Asa–youre probably right.

Sunny–thanks for droppin by! I use a big rubber mallet it makes it easier to hit those nails.

Mental p–can I get an amen?

Alan–ya know, I kinda do feel better.

Jason–yes, they just draw out every “story” well past the point of tedium.

19 03 2009
Noe Noe Girl

I was gonna say that. Instead I’ll say Amen Brother! We need to stop watching the news. I’m tired of my ass being chapped. Somebody wake me when there is some good news to report!

19 03 2009
Serendipitous Girl

Will you please organize a religion immediately?
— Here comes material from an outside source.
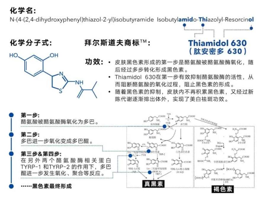 据拜尔斯道夫微信公众号显示,皮肤黑色素形成的第一步就是酪氨酸被酪氨酸酶氧化,随后经过多步转化形成黑色素。630则是在第一步有效抑制酪氨酸酶的活性,从而阻断酪氨酸的氧化过程,阻止黑色素的形成。

Because all I can do is bow down and say A. FUCKING. MEN.

19 03 2009
c

Yes. Yes. And yes.

20 03 2009
Josh

omfg. THIS IS AWESOME.

20 03 2009
Jodi

What can I say..? You said it all – and people wonder why I could care less about the digital switch! I quit watching tv by choice – although it stays on for Hunny & the boy 😦
bb
dawtch

20 03 2009
Predo

I was sitting in my boxers, on the front porch, on the couch, reached over to my fridge, grabbed a beer, walked into the trailer to read about you not being interested in Paris? What is AIG? I’m going back to pick my nose and bury my head in the sand!

20 03 2009
MJ

Man, I hear you.
I don’t want to watch the news anymore… no out of fear though… out of boredom. “I think I’ve seen this episode already…”

20 03 2009
The Vinyl Villager

and just now, I click on the CNN main page and what is their top story? “Charles Manson spends most of his time alone!”

Who gives a rats ass???

21 03 2009
Noe Noe Girl

I’m planting a garden this year.. newsworthy?

21 03 2009
The Vinyl Villager

Noe Noe, Im not sure. Is Paris Hilton stopping by to help? Is the government subsidizing it while giving you a million dollar bonus if all the plants die?